Che sul banco degli imputati ci sia l’Ocse si capisce, oltre che dai commenti espliciti dei responsabili del rapporto, dai primi sei posti della classifica compilata dall’organizzazione presieduta dal britannico John Christensen, ex consulente finanziario di multinazionali a caccia di sconti fiscali nelle più disparate piazze offshore del mondo, da quasi un ventennio passato a combattere contro i suoi ex datori di lavoro. Sul podio ci sono infatti Isole Vergini Britanniche, Cayman e Bermuda: tre paradisi esotici dove ancora oggi il potere di decidere sulla legislazione è in mano al governo di Londra. Poco sotto si piazzano altri tre membri dell’Ocse: Olanda, Svizzera e Lussemburgo. Il risultato finale, secondo i calcoli dell’associazione formata da accademici e attivisti, è che dei 245 miliardi di dollari persi ogni anno nel mondo a causa dell’elusione fiscale, 166 miliardi dipendono dai Paesi Ocse: esattamente il 68,3 per cento o, per dirla in altri termini, l’equivalente dello stipendio medio annuale necessario per pagare 26 milioni di infermiere nelle nazioni più sviluppate. “Alla luce di questi risultati, fidarsi dell’Ocse è come dare in mano a un branco di lupi la costruzione del recinto attorno al nostro pollaio”, è la similitudine usata da Dereje Alemayehu, coordinatore della Alleanza Globale per la Giustizia Fiscale (di cui fa parte Tax Justice Network), secondo cui ora più che mai è necessario affidare il compito di scrivere nuove regole all’Onu, che di Paesi membri non ne ha 37 ma ben 193, compresi molti di quelli che subiscono inermi da decenni le pratiche fiscali adottate dalle multinazionali. “Solo una convenzione fiscale delle Nazioni Unite può garantire che le norme globali in materia di tassazione delle società siano realmente democratiche”, è il parere di Alemayehu.

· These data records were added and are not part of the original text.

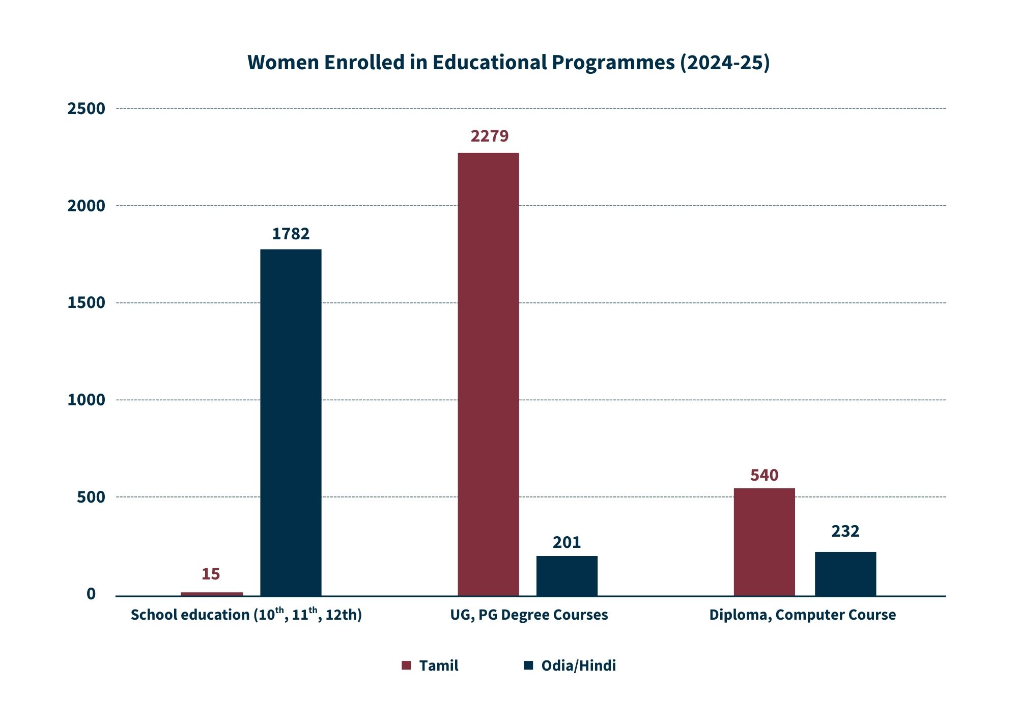Of the approximately 30,000 female employees at KPR, 5,049 women were enrolled in educational programmes as of 2024–25. Of these, Hindi and Odia- speaking workers from northern and eastern states show significantly higher enrolment in school-level education, a reflection of poorer educational attainment in their home states. Tamil-speaking workers, benefiting from Tamil Nadu’s relatively stronger school education system, are more heavily represented in undergraduate and postgraduate courses and diploma programmes.
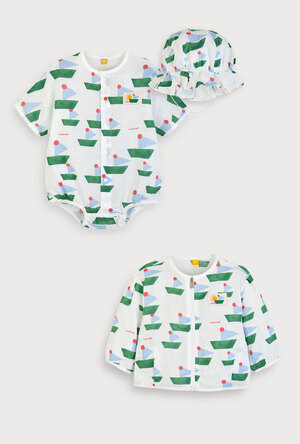 부드러운 밤부 소재와 귀여운 토끼·곰 나염으로 포근함을 더한 베이비 실내상하
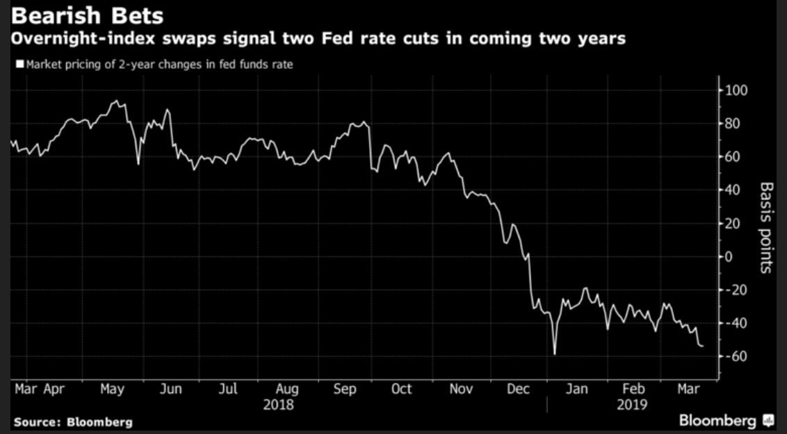 Overnight-index swaps signalisieren, dass die Anleihe-Händler nun bis zum Ende des nächsten Jahres mit zwei Zinssenkungen durch die Fed rechnen, Graph: Bloomberg, March 24, 2019
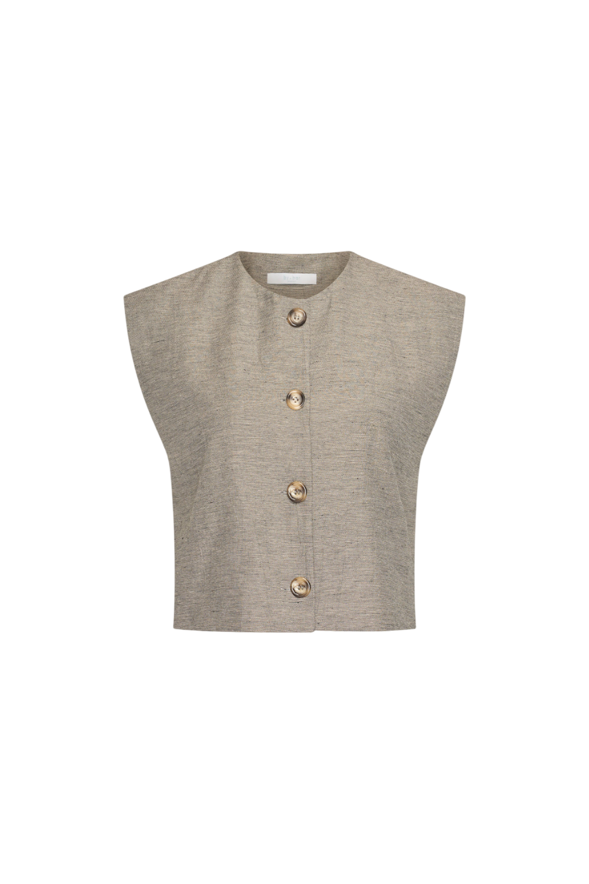 - Bijzonderheden: De gilet heeft ronde halslijn
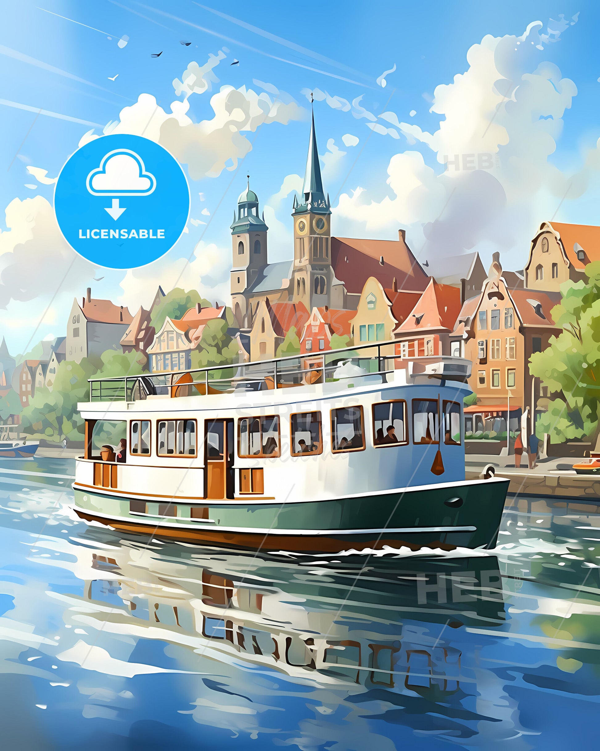 Zwijndrecht, South Holland, Netherlands, Skyline. art painting with blue sky some bright clouds in spring. in style of classic advertising illustration with nice gradients. Nice strokes and outlines that captures the playful spirit and vivid imagination of modern art.
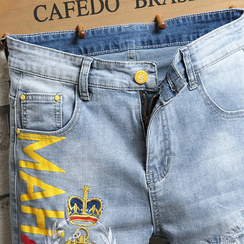 Мужские джинсовые шорты с вышивкой, тонкие рваные брюки с пятью точ...
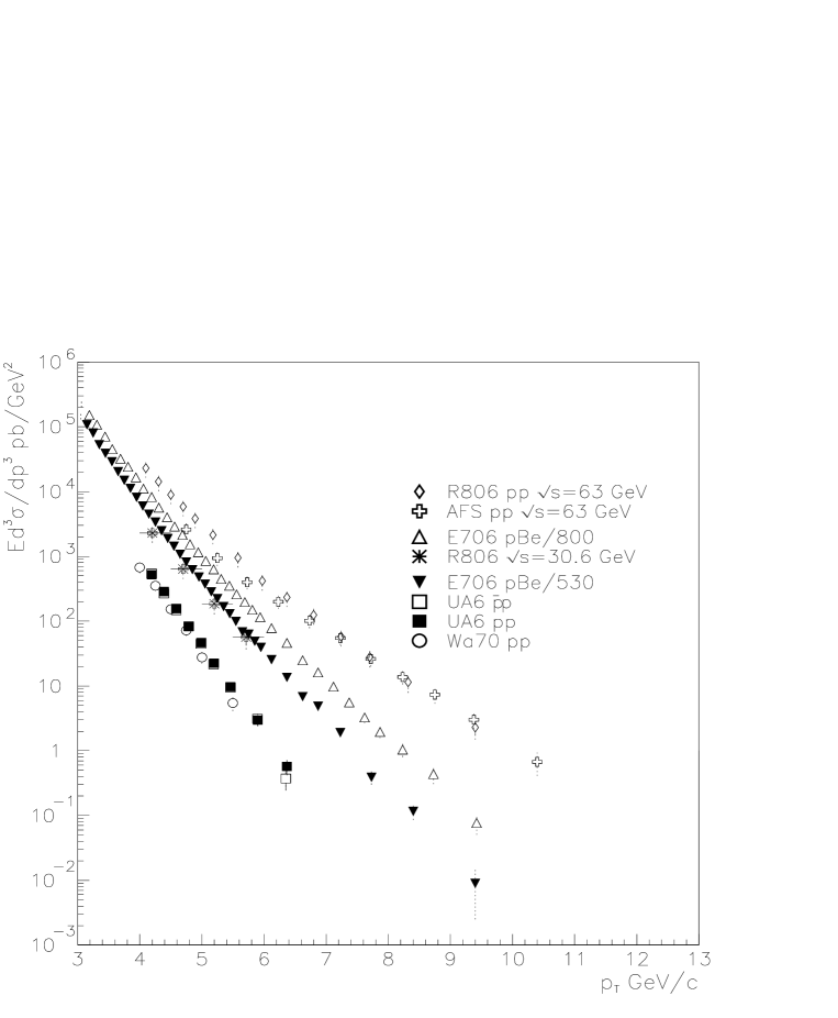 The agreement of theory with both data sets is rather good for Β GeV/c, although the theoretical expectations tend to be somewhat higher than the data, a situation which is different from the fixed-target case. This fact may be related to the observation made above concerning the energy variation of the data-over-theory ratio. This can be checked, to an extent which is limited by the relatively large error bars, by comparing the fixed-scale theory to the three sets of R806 data at , 44.8 and 62.8Β GeV. We find that, at fixed , this ratio tends to decrease when the energy increases, in agreement with the E706 results.
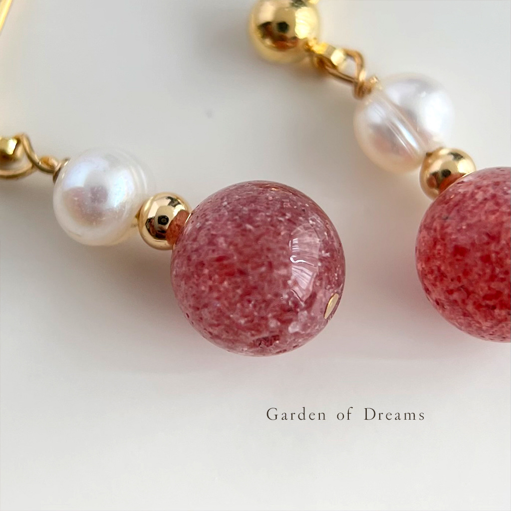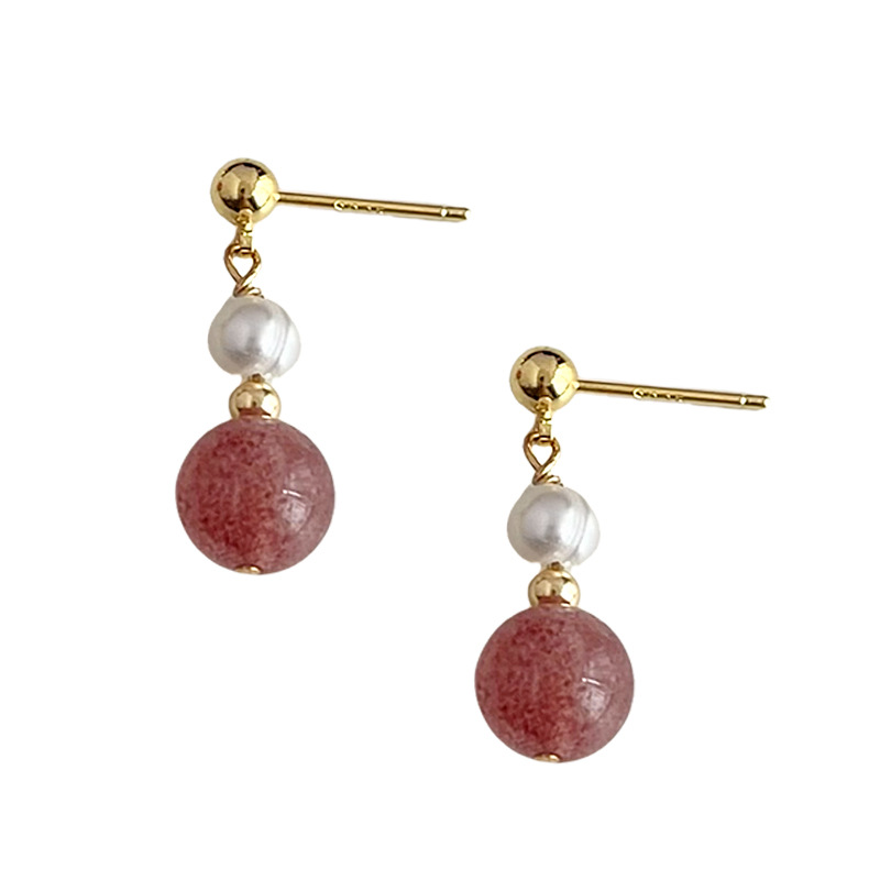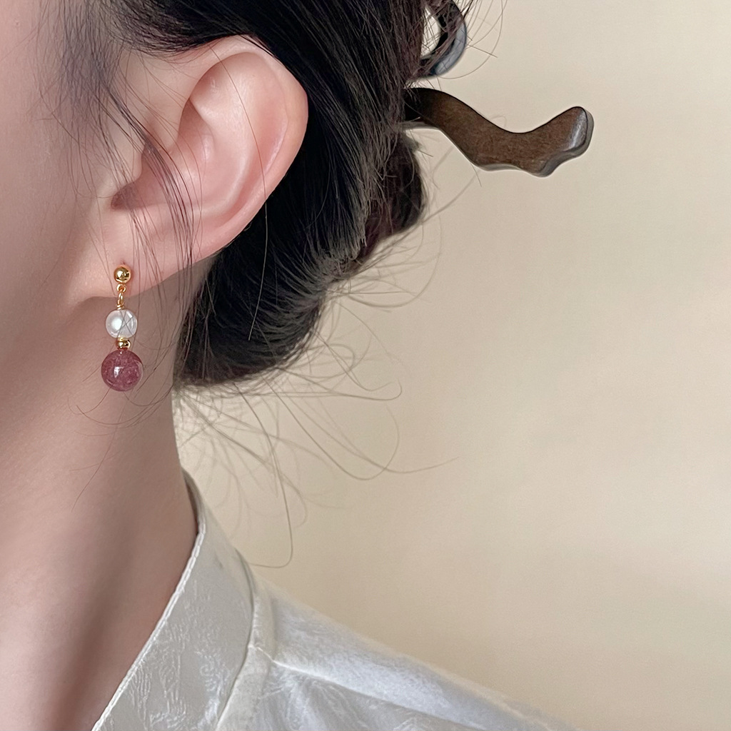 国风原创手作天然石草莓晶淡水珍珠耳环文艺古风新中式耳钉耳饰品
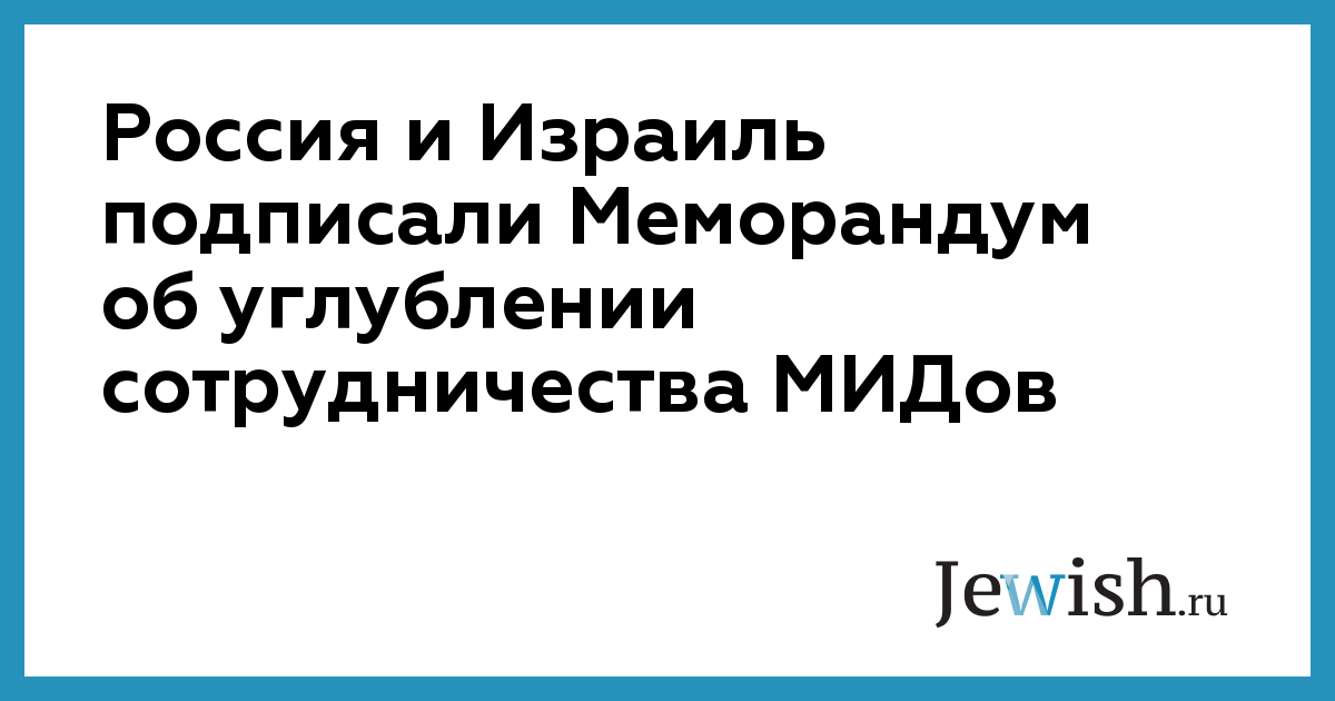 Россия и Израиль подписали Меморандум об углублении сотрудничества МИДов

In tutto questo anche l’Italia paga il conto. Secondo i calcoli di Tax Justice, a causa dei paradisi fiscali, Roma ogni anno perde 10,3 miliardi di euro: vale a dire il 2% del gettito fiscale effettivamente raccolto e il 9% della spesa pubblica sanitaria. Il calcolo è frutto di due fattori. Da una parte c’è l’evasione fiscale dei singoli cittadini che spostano in altre nazioni circa 2,9 miliardi di euro. Dall’altra parte c’è l’elusione delle multinazionali, che trasferendo altrove profitti generati sul territorio italiano riescono a risparmiare 7,3 miliardi di euro. Chi sono i Paesi che ci danneggiano maggiormente? Belgio, Cipro, Irlanda, Lussemburgo, Olanda e Malta: tutti membri dell’Unione europea. C’è però anche l’altro lato della medaglia. Dice infatti Tax Justice Network che l’Italia, grazie ad alcuni vantaggi concessi alle aziende – come patent box e tax ruling – sottrae alle altre nazioni 3,6 miliardi di euro ogni anno. Segno che il problema è globale e può essere risolto solo con un accordo internazionale. Per questo Tax Justice Italia, diramazione nostrana del network, crede che sia necessario “introdurre un’imposizione effettiva minima globale sui redditi delle imprese, Paese per Paese, sul modello americano e con un’aliquota non inferiore al 21%, per assicurarsi che le multinazionali siano tassate in tutti i Paesi in cui operano”.